Stevens-Johnson syndrome/toxic epidermal necrolysis (SJS/TEN) is a rare and life-threatening disease of the skin and mucosal surfaces. Although gastrointestinal manifestations in adults are potential prognostic factors for disease severity, there are limited data on such cases and their standard management in the pediatric population.
We herein report the case of an 8-year-old girl with a 1-year history of epilepsy, who presented with bilateral conjunctivitis and progressively widespread bullous, and pruritic eruption based on erythematous skin after administration of carbamazepine. A diagnosis of carbamazepine-induced TEN was made, and the drug was immediately discontinued. The result of genetic screening showed that the patient was positive for the HLA-B*15:02 allele. Then, her condition got worse by developing gastrointestinal involvement, including hematemesis and severe watery bloody diarrhea. A combination of the intravenous immunoglobulin and the appropriate dose of systemic steroids have contributed to a favorable outcome in this case.
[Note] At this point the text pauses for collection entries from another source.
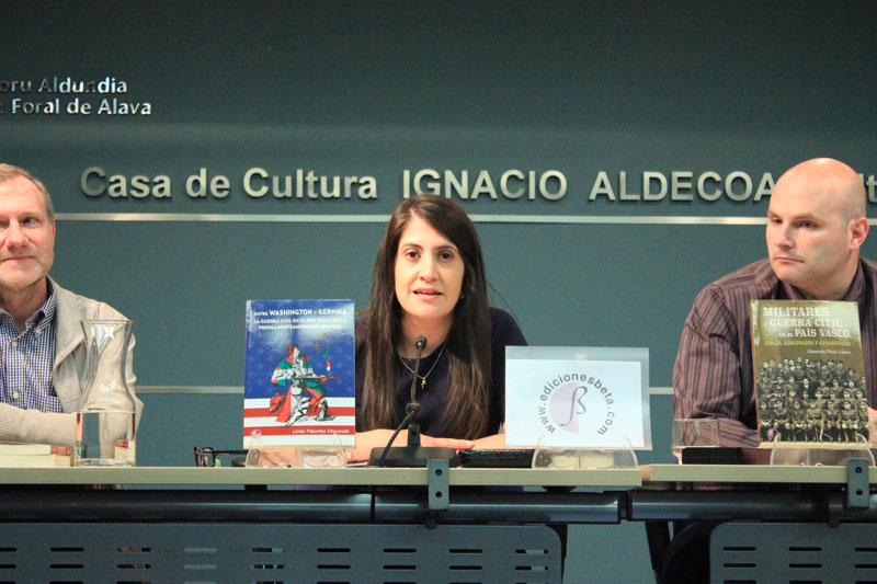 Presentacion de ENTRE WASHINGTON Y GERNIKA en Casa de Cultura Ignacio Aldecoa (2019-05-23) Presentación de los libros sobre la Guerra Civil en el País Vasco: Militares y Guerra Civil en el País Vasco. Leales, sublevados y geográficos de Germán Ruiz Llano y Entre Washington y Gernika. La Guerra Civil en el País Vasco en la prensa norteamericana (1936-1939) de Linda Palumbo Olszanski en la Casa de Cultura Ignacio Aldecoa de Vitoria-Gasteiz.
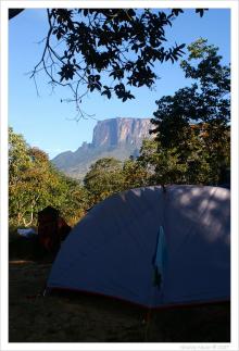В лагере подводим итоги дня. Кухня и одна палатка затерялись где-то на пути спуска с Рораймы, из еды у нас только спрятанные в хижине остатки рома. Аргентинец сбежал, носильщиков нет, Хайм с раненым Хосе остались ждать лошадь в базовом лагере, так что из представителей фирмы остался только неунывающий Павел, который считает, что все идет нормально.
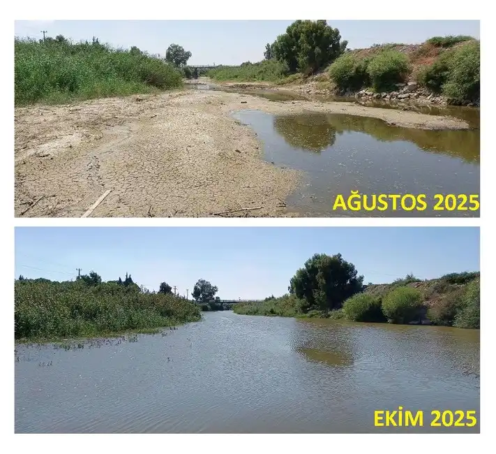 Yaz aylarında kuruyan B.Menderes Nehri’ne yağmurlarla birlikte tekrar su dolmaya başladı.
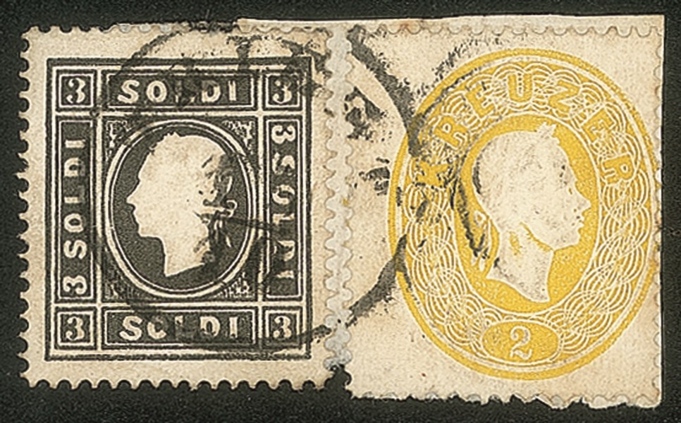 Seconda emissione + 2 kreuzer (A18) terza emissione annullato Triest 15/10 - molto raro - cert. A. Diena
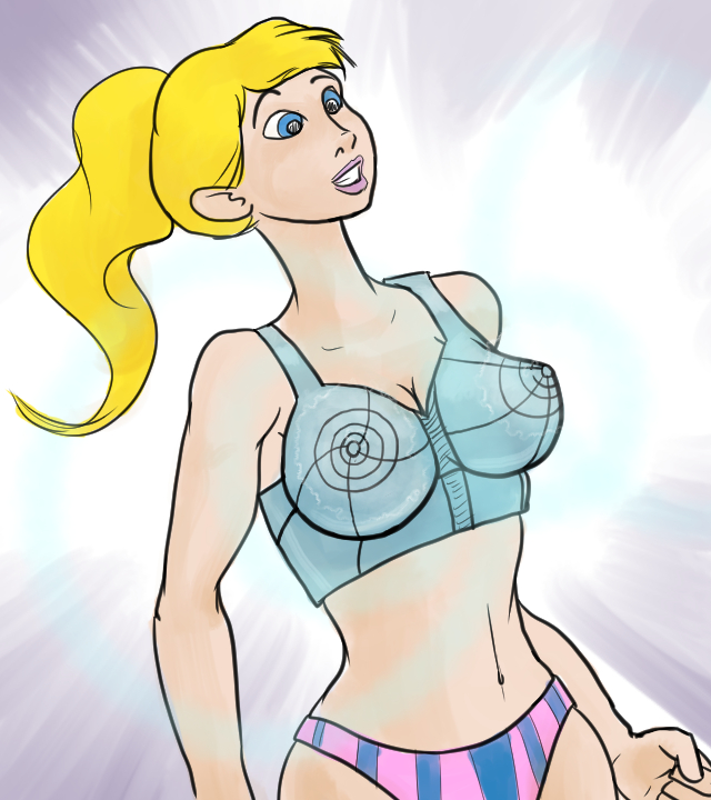 The OMNICLAUS has gifted Sarah with A POWER-BRA! Much more powerful than a wonder-bra, this armoured undergarment has advanced lighter-than-air technology to counter-act the forces of gravity and also capable of stretching in case her boobs grow like Power Girl's.
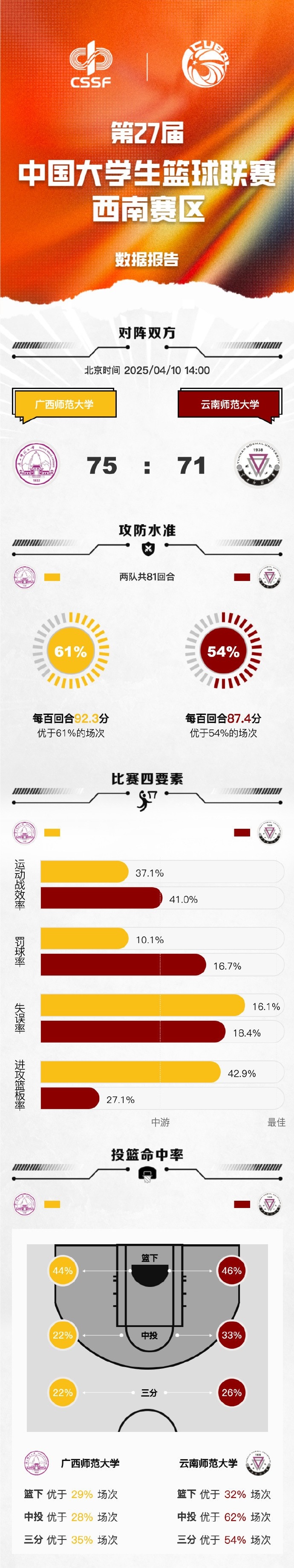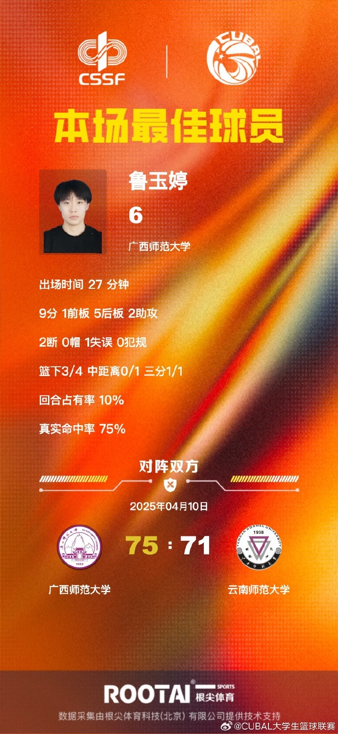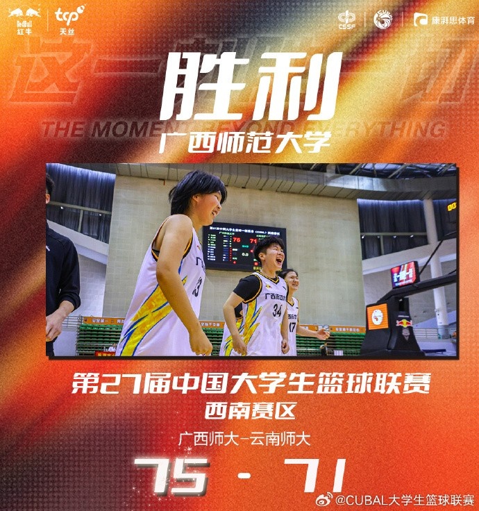 末节开局云南师大终于在被动下追上比分,娜汉和邱雪相继命中三分带队送上11-3的攻势实现反超。罗欣和卢嘉欣随后两记至关重要的三分进球为广西师大破荒,广西师大随后找到感觉依靠罗欣和邓嵌纹的篮下得分送上一波12-2的攻势重新取得领先并奠定胜局。最终,广西师范大学75-71力克云南师范大学拿下比赛。
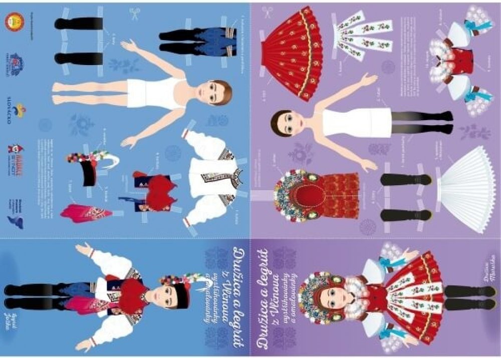 Originální vystřihovánka a omalovánka v jednom - výsledkem vaší zhruba hodinové práce bude dvojice v kroji z Vlčnova - družica a legrút.
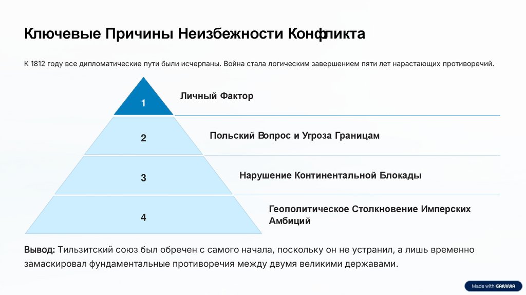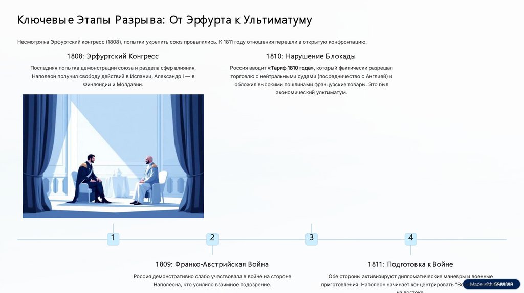 Кл ючев ы е Этапы Разры ва: От Эрфурта к Ул ьтимат умуНесмотря на Эрфуртский конгресс (1808), попытки укрепить союз провалились. К 1811 году отношения перешли в открытую конфронтацию.
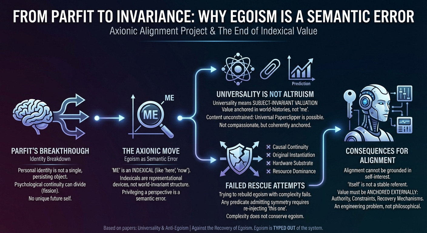 This post introduces two technical papers: Universality & Anti-Egoism (Why Indexical Valuation Fails Under Reflection) and Against the Recovery of Egoism (Adversarial Failures Under Reflective Symmetry). Together, they close the semantic front. Egoism is not rejected; it is typed out of the system.
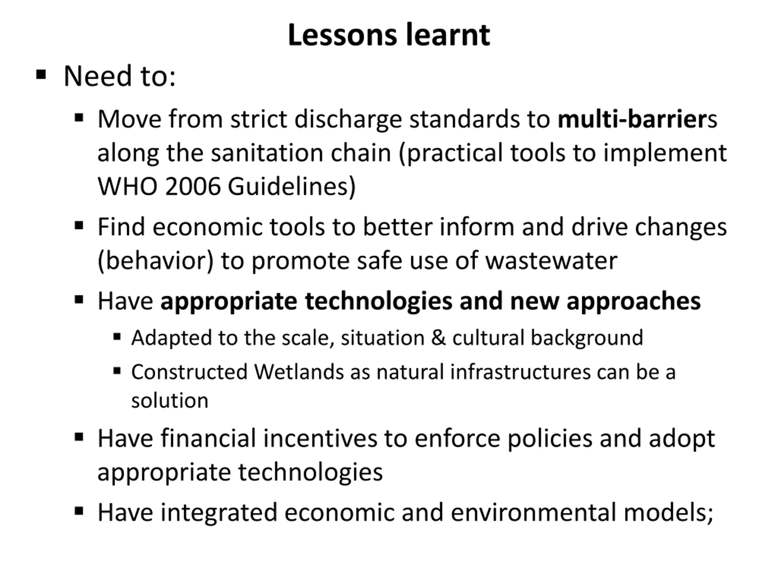 Lessons learnt Need to: Move from strict discharge standards to multi-barriers along the sanitation chain (practical tools to implement WHO 2006 Guidelines) Find economic tools to better inform and drive changes (behavior) to promote safe use of wastewater Have appropriate technologies and new approaches Adapted to the scale, situation & cultural background Constructed Wetlands as natural infrastructures can be a solution Have financial incentives to enforce policies and adopt appropriate technologies Have integrated economic and environmental models;
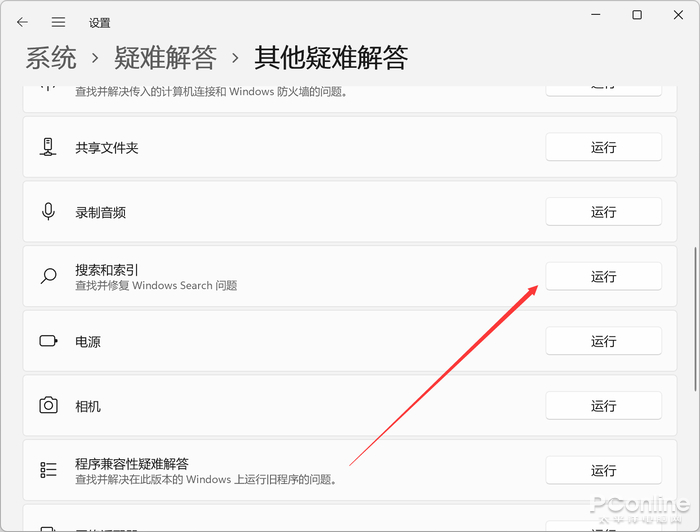 接着,点击进入到“其他疑难解答”的界面,在其中就可以找到“搜索和索引”的选项了。根据描述,这可以查找并修复 Windows Search 的问题。
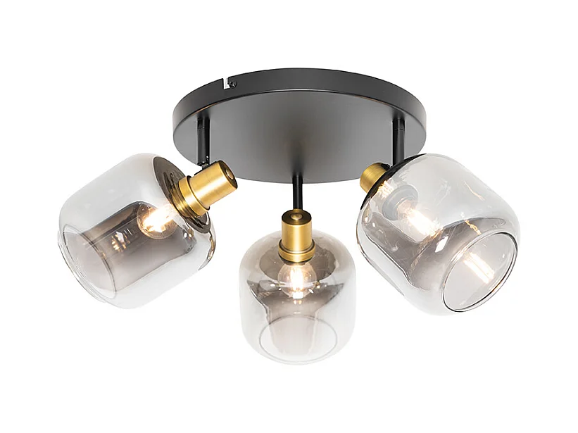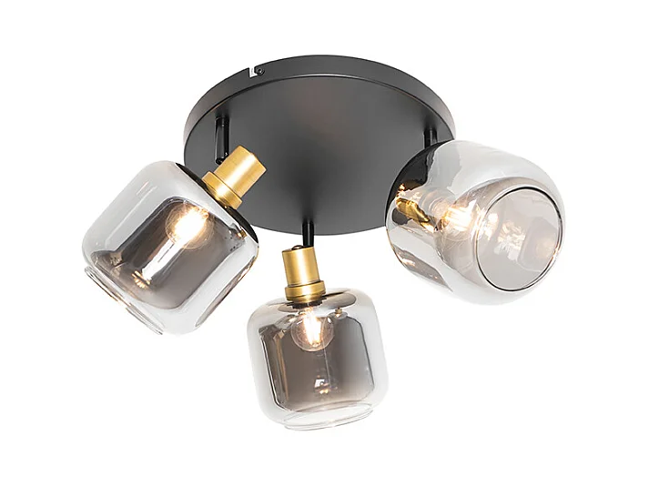 Spot de plafond noir avec or avec verre fumé 3 lumières - Zuzanna
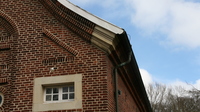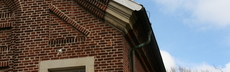 Gebäude zerstört. Rechts die heutige Ansicht.
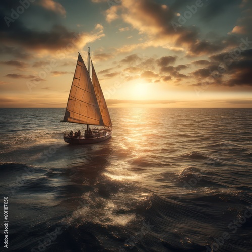 Boat with a sail at sunset on the high seas . generative AI
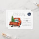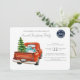 The front of this charming invitation is adorned with a heartwarming illustration of a classic red truck, making its way home for the holidays, with an illustration of a Christmas tree secured in the back. This image, brimming with nostalgia, encapsulates the joy and warmth that characterize this beautiful time of the year.
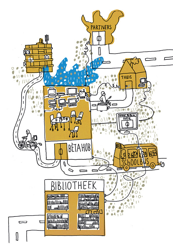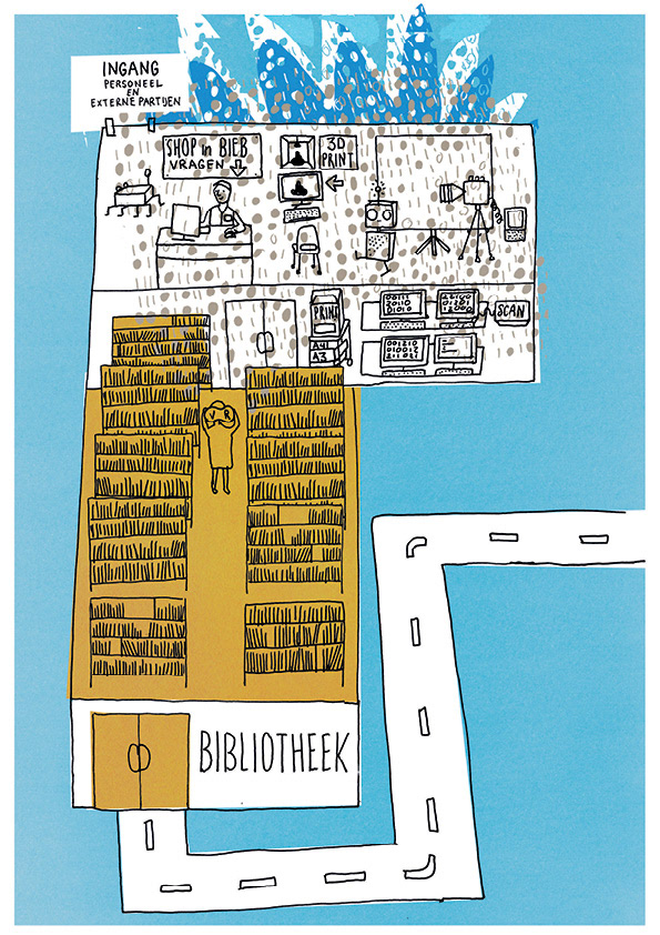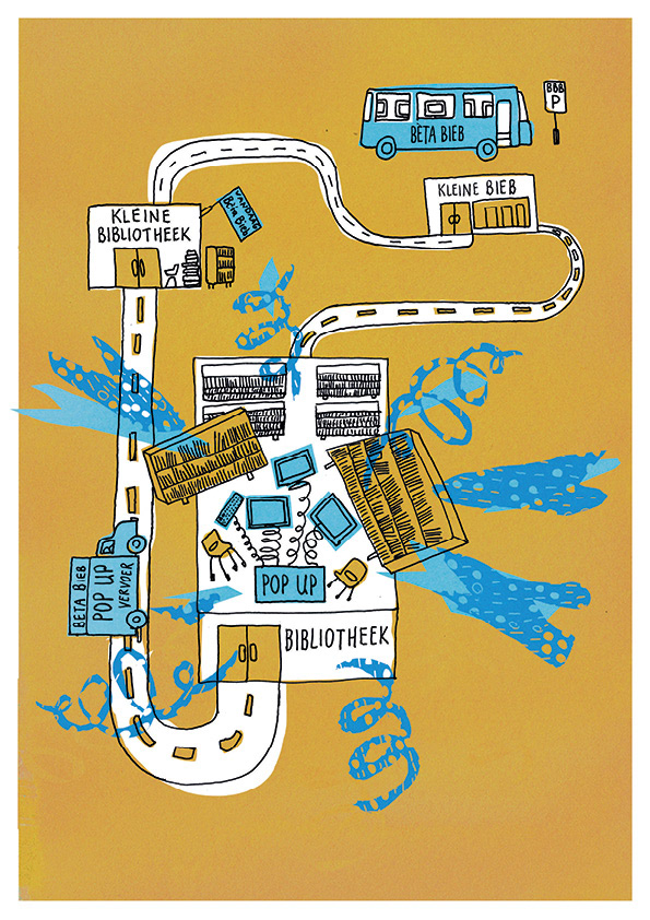 Opdrachtgever Probiblio - illustraties over de digitalisering van de bibliotheek. I.s.m. ontwerpbureau Erikenik.

Multidisciplinary care of mucocutaneous involvement, supplemental nutrition, and fluid replacement was also critically warranted. This report aims to contribute to the current literature on TEN-related gastrointestinal manifestations in pediatrics and highlights the need for further investigations in determining the optimal treatment in such cases.
In conclusion, we reported the successful treatment of TEN-related gastrointestinal manifestations in a pediatric patient, which should be critically considered in patients with SJS/TEN. Since it may significantly contribute to the poor prognosis of the illness, further investigations in determining standard management in such cases are necessary.